# "sweaty" M&P soap?



## bee (Jun 18, 2007)

I'd like to make soap (kinda obvious, eh?) But I don't want to make it with lye for reasons. I've been looking at melt and pour soaps, but some site said they weren't that great. That they only last for a week or two, and they start to "sweat" or melt after they get wet, or even if they don't. Is there a certain way to make it so it doesn't do that? Some way that will make it last for several months at least?


----------



## Tabitha (Jun 18, 2007)

I have M&P as well as CP in my tub right now, any bar that sits in a water filled soap dish or is in a constant spray zone from your shower head will get mushy & melt. I *think* the sweating they are refering to is... on a humid day... the excess of glycerin in the M&P soap will draw moisture out of the air & bead up on the M&P soap bar, which is just an example of how that same soap will draw moisture out of the air to your skin, which is a good thing.
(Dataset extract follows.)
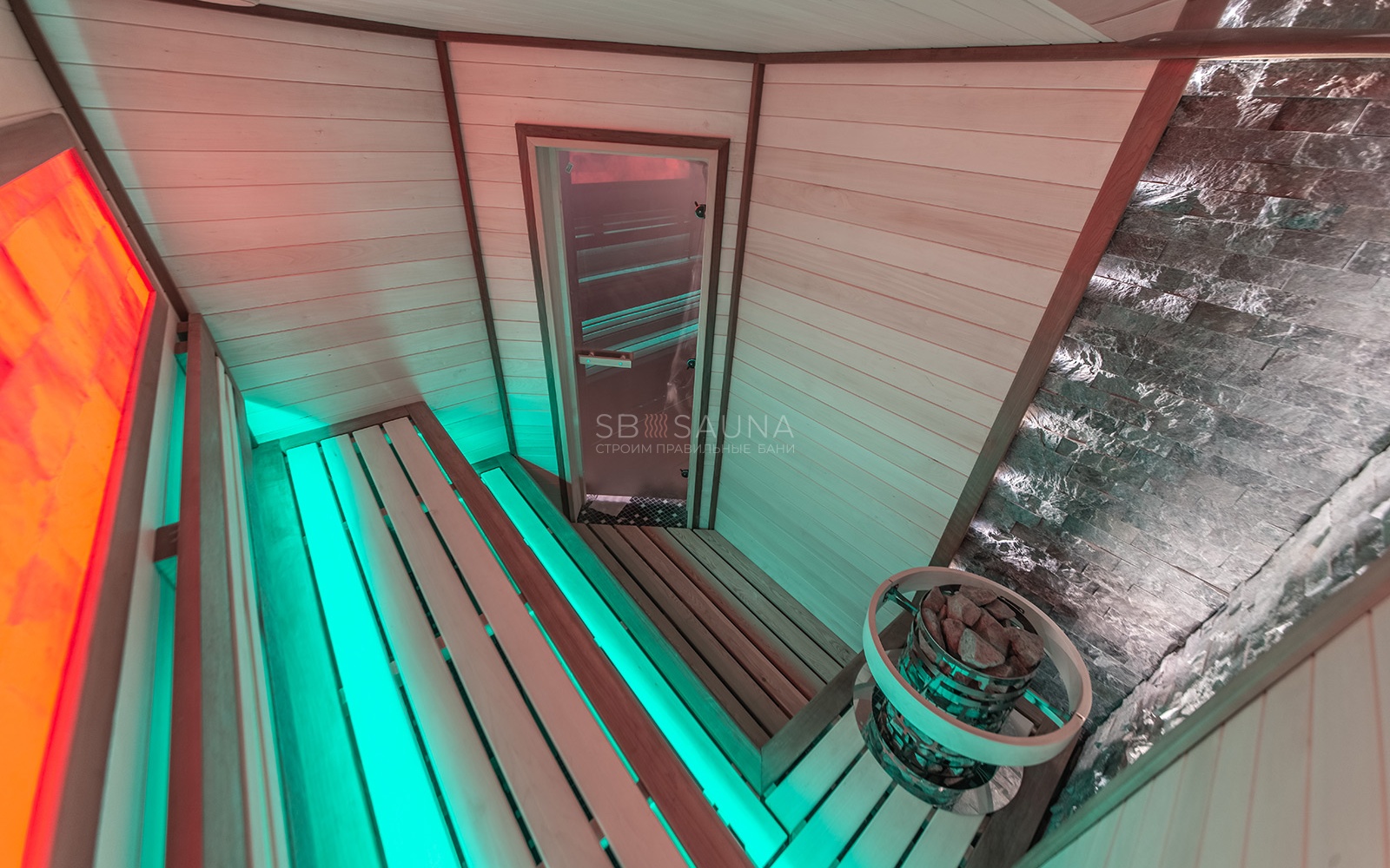 Данная сауна - проект, которым мы действительно можем гордиться, так как смогли реализовать при строительстве парной то, что хотел заказчик с тонким чувством вкуса.

As long as you make your M&P on days that are not extra humid & wrap them air tight in cello or other similar wrap, they should be fine.


----------



## dragonfly princess (Jun 18, 2007)

I put my soaps in the fridge on humid days and that seems to help alot with the sweating   It gets pretty humid here in MI


----------



## suzysoaping (Nov 3, 2012)

I know this post is really really old. But i'd like to add my bit of help as it might help new users looking back at these posts.

I've never had problems with soap sweating, but i do know if the soap does sweat you are to wrap them in cling film or plastic wrap.

I suppose it all depends on who you buy your bases from!!

i love mp soap making as it is so much fun and i'd recommend it to anyone who wants to get into this fun craft. however i would advise going for an sls free base


----------